Depression mixed with weapons: Dead-Lands in the making

By Caroline Young | gargoyle@flagler.edu

Opinion G logoWe heard one gun shot.  Sounds of sirens ricocheted from buildings in downtown DeLand, a small Florida town.

“Dead-Land,” we called it.


I was standing in front of a bar on a chilly Thursday in January 2008. It was about 10 p.m. and most Stetson College students were ringing in the weekend mirthfully after a stressful week.

One student was clearly not in his fellow classmates’ “Thirsty Thursday” state of mind when he shot himself with a revolver in the middle of campus.

With seemingly endless papers to write, tests to study for and social pressures, college campuses tend to have a dense concentration of depressed and suicidal people.

He had been struggling for sometime. The student was in the process of being escorted back to the psychiatric ward of the DeLand Hospital when he did it.

Candles and a rose lay on the ground next to Stetson’s music school that Friday morning, right where he took his own life.

Classes were still in session but the mood change was undeniable.  The counseling center overflowed with confused and frightened kids, including myself.

Thoughts swirled in my brain and bombarded my mind. Why did this happen so suddenly? Where did Scott get his hands on that gun? Why was it on campus?

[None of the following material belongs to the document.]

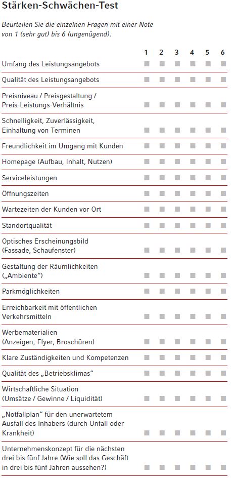 Fragen Sie sich zunächst, wo Sie selbst die individuellen Stärken und Schwächen Ihres Geschäfts sehen. Beantworten Sie dazu die Fragen im Stärken-Schwächen-Test am Ende dieses Beitrags. Jede Frage, in der Sie sich mit der Note 1 oder 2 bewerten, zeigt Ihre Stärken. Die Noten 5 und 6 zeigen Ihre derzeitigen Schwächen. Wenn sie alle Fragen beantwortet haben, dann kreuzen Sie aus Ihrer Sicht die drei wichtigsten Stärken und die drei gefährlichsten Schwächen an. So erkennen Sie, in welchen Bereichen der größte Handlungsbedarf besteht. Beziehen Sie bei Bedarf auch Ihre Mitarbeiter in die Beantwortung der Fragen ein, um mehrere Meinungen und Sichtweisen zu den einzelnen Punkten zu berücksichtigen.
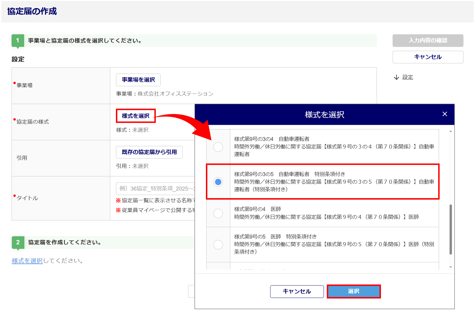 [様式を選択]から「様式第9号の3の5 自動車運転者 特別条項付き 時間外労働/休日労働に関する協定届【様式第9号の3の5(第70条関係)】自動車運転者(特別条項付き)」を選択後、[選択]をクリックします。

Officials called the 2008 Stetson suicide an “isolated incident,” but it created a domino effect that semester.

One sorority girl was found lying in a pool of blood in the Alpha Xi Delta house after slitting her wrists. A sister rushed her to the hospital. She lived.

Another young man fatally shot himself in his off-campus apartment. And one day, we were forced to stay in our dorms for several hours while a young woman threatened to kill herself on the rooftop of the library.

This chaos happened in about four months.

And just a year earlier, the Virginia Tech massacre had shaken the country, leaving 33 people dead.

After events like these, it is baffling that there are state laws in consideration to stop college campuses from banning weapons.

If suicides and mass killings have become so common on college campuses, why would we allow campus weaponry advocacy groups, like Concealed Carry on Campus, to prevail?

CCC is made up of more than 42,000 college students, professors, parents and other citizens. One of their arguments is that people who carry licensed handguns are less likely to commit a violent crime.

But what happens when a student is depressed to the point of suicide?  And another one after that?

One in 12 college students have made plans to end their lives.

The solution should not be to allow concealed weapons on campus. They should be further out of reach.

Then, maybe the ones struggling could be saved.  And in some cases like Virginia Tech, other lives could be saved as well.